Subject-formal Methods Based on Cognitive Maps and the Problem of Risk Due to the Human Factor
The chapter gives a brief survey of contemporary subject-formal methods based on cognitive maps, which are used to solve control problems for ill-structured objects and situations. These methods combine mental processing of initial knowledge of a situation with formal methods of cognitive maps processing (simulation or other formal methods).
The essence of the problem of risks due to the human factor while applying subject-formal methods is explained. The essence is that due to inevitable and substantial humans’ participation in solving practical problems for complex and ill-structured objects and situations (at least, for formalization of primary representations) formal methods basically cannot provide validity of received solutions, and therefore these methods are risky.

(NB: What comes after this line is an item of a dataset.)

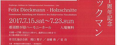 Die Gelehrten streiten sich über die Herkunft von Holzschnitten. Nachdem Felix Dieckmann seine Arbeiten schon in China zeigen konnte, werden seine Holzschnitte nun auch in NASUSHIOBARA/JAPAN gezeigt.
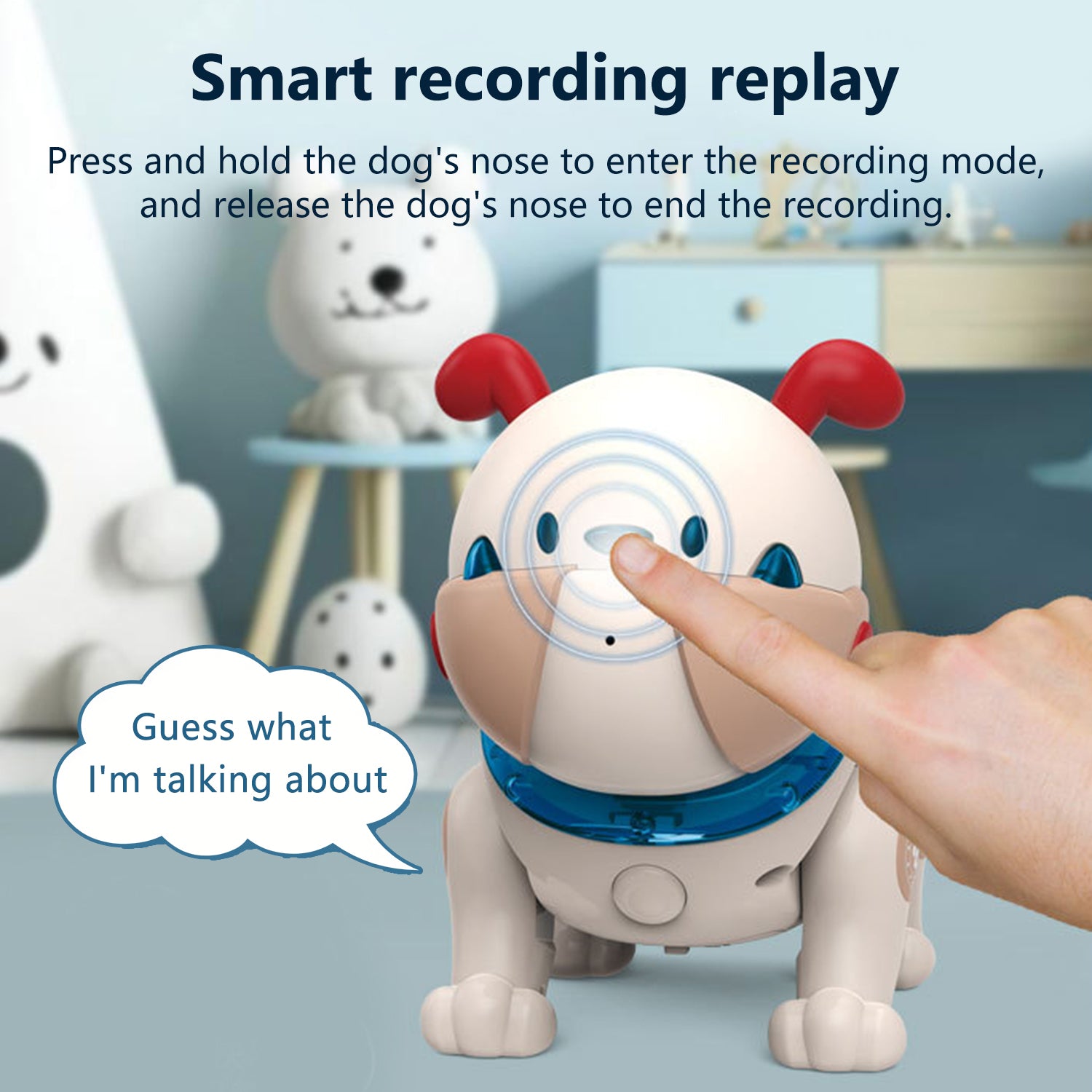 Function: Control the movement and pause of the puppy before and after through the remote control, the puppy will emit different types of music and shine with different colors of lights. Touching the puppy's head or other parts will cause the puppy to react accordingly. Press the dog's nose, turn on the recording function, and then press, you can repeat the voice, press different times, the puppy voice will be different, I wish you a happy game!

The chapter describes a number of inter-disciplinary models that can be used to analyze, explain, and forecast risks due to the human factor in the whole lifecycle of subject-formal methods: the distorting effect model, the stereotypes effect model, the ambient intelligence effect model, and the generalized model of expert-analyst.
A number of risk factors that arise while simulating the situation dynamics on the base of cognitive maps is disclosed. Amongst them are the first-kind risk factors coming from decision-making personnel (factors of direct action); the second-kind risk factors coming from theorists and computer-aided technology designers (factors of indirect action); and the hybrid risk-factors.
In order to reduce the risks due to the human factor a number of heuristic criteria of formalization validity is proposed and proven. These criteria can be applied to early disclose direct semantic errors and formalization risks.
The functional approach to verification of different types of models based on cognitive maps, with fuzzy semantics is proposed.
Some of the discovered risks are demonstrated with the use of cognitive maps found in scientific literature as well as maps that have been used to solve real control problems.
The main challenges and directions of further research are presented.